Instructions to follow –
Since the listing below shows pictures, leave them out and write out exactly the lines from the line with "file is complete." to the line with "You can now", both included, and no others.

Information shown –
* * *

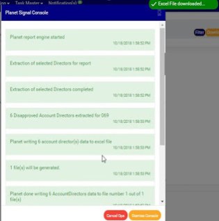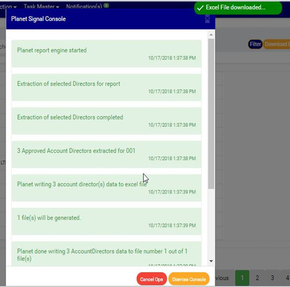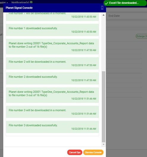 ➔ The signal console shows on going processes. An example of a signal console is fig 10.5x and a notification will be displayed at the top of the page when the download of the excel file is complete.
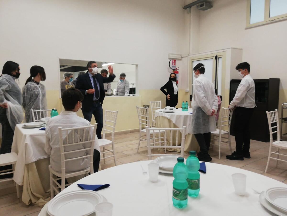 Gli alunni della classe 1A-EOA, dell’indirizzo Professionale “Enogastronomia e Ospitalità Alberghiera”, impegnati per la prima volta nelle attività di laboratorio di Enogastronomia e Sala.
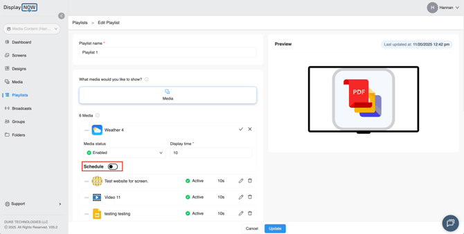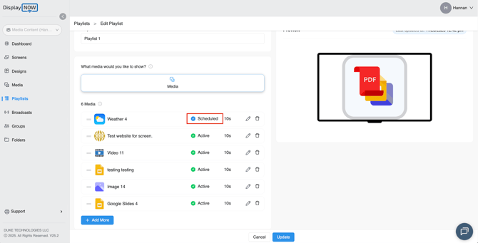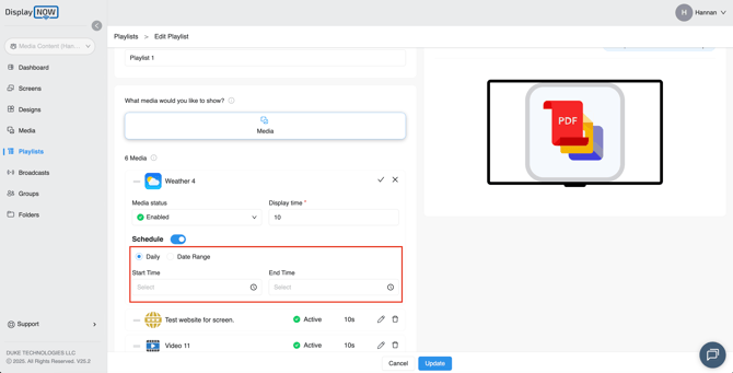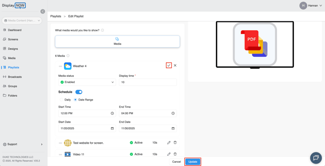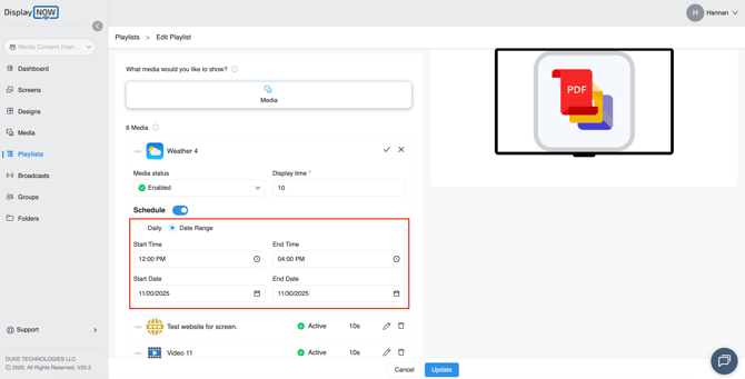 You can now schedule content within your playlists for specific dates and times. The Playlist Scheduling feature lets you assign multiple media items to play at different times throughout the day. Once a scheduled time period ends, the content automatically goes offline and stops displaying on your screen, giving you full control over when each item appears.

* * *

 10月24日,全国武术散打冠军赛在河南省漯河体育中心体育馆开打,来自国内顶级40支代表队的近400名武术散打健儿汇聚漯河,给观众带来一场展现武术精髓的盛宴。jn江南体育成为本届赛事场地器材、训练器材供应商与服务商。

* * *

Your response –
 ➔ The signal console shows on going processes. An example of a signal console is fig 10.5x and a notification will be displayed at the top of the page when the download of the excel file is complete.
 Gli alunni della classe 1A-EOA, dell’indirizzo Professionale “Enogastronomia e Ospitalità Alberghiera”, impegnati per la prima volta nelle attività di laboratorio di Enogastronomia e Sala.
 You can now schedule content within your playlists for specific dates and times. The Playlist Scheduling feature lets you assign multiple media items to play at different times throughout the day. Once a scheduled time period ends, the content automatically goes offline and stops displaying on your screen, giving you full control over when each item appears.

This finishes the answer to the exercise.